Capital Punishment and the Universal Periodic Review
The resumption of federal executions comes as the United States is in the midst of its third Universal Periodic Review (UPR), a human rights process that every UN member state undergoes about every five years. The UPR is organized by the Human Rights Council. Although the United States withdrew from the Council in 2018, it still participates in the UPR as a UN member state.
The UPR of the United States is formally a three-hour event at the UN in Geneva that is scheduled for November 9. But the November review is the culmination of a long process that began in 2019 when the Human Rights Council solicited input on the US record from stakeholders. As an NGO with UN Special Consultative Status, Dui Hua provided a stakeholder submission on the US human rights record last fall. The death penalty was a theme raised by many stakeholders, and Dui Hua’s submission (PDF) focused in particular on Attorney General William Barr’s stated intention to re-start federal capital punishment. Dui Hua highlighted ongoing concerns about the administration of the federal death penalty and urged the administration to maintain the moratorium and address these procedural concerns.
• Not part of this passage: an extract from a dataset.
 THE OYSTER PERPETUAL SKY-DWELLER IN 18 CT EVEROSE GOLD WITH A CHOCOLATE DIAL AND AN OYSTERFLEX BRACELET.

Dui Hua also noted that the federal government had selected people with the most gruesome crimes for execution, rather than those who had been on death row the longest, raising worries that optics—rather than justice—shaped the terms of the resumption.
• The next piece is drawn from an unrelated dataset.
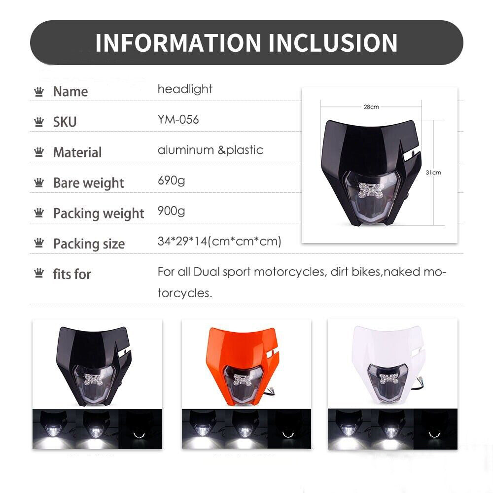 Universal Supermoto LED Headlight - For Kawasaki Suzuki Yamaha Motorcycle etc

Countries under review also prepare a national report in response to the stakeholder input. The US national report was due in February and finally released in September. While it does discuss capital punishment, it does not adequately address stakeholder concerns about the resumption of federal executions raised by Dui Hua. The report does not explain why the US attorney general directed the Bureau of Prisons to restart federal executions after more than 17 years without them. Nor does the report—which describes in detail the graphic crimes of the condemned—explain why the government is going forward with executions for these individuals, rather than others who had also exhausted appeals. Because these matters are entirely under the control of the same federal administration whose department of state prepares the national report, the report ought to address these issues.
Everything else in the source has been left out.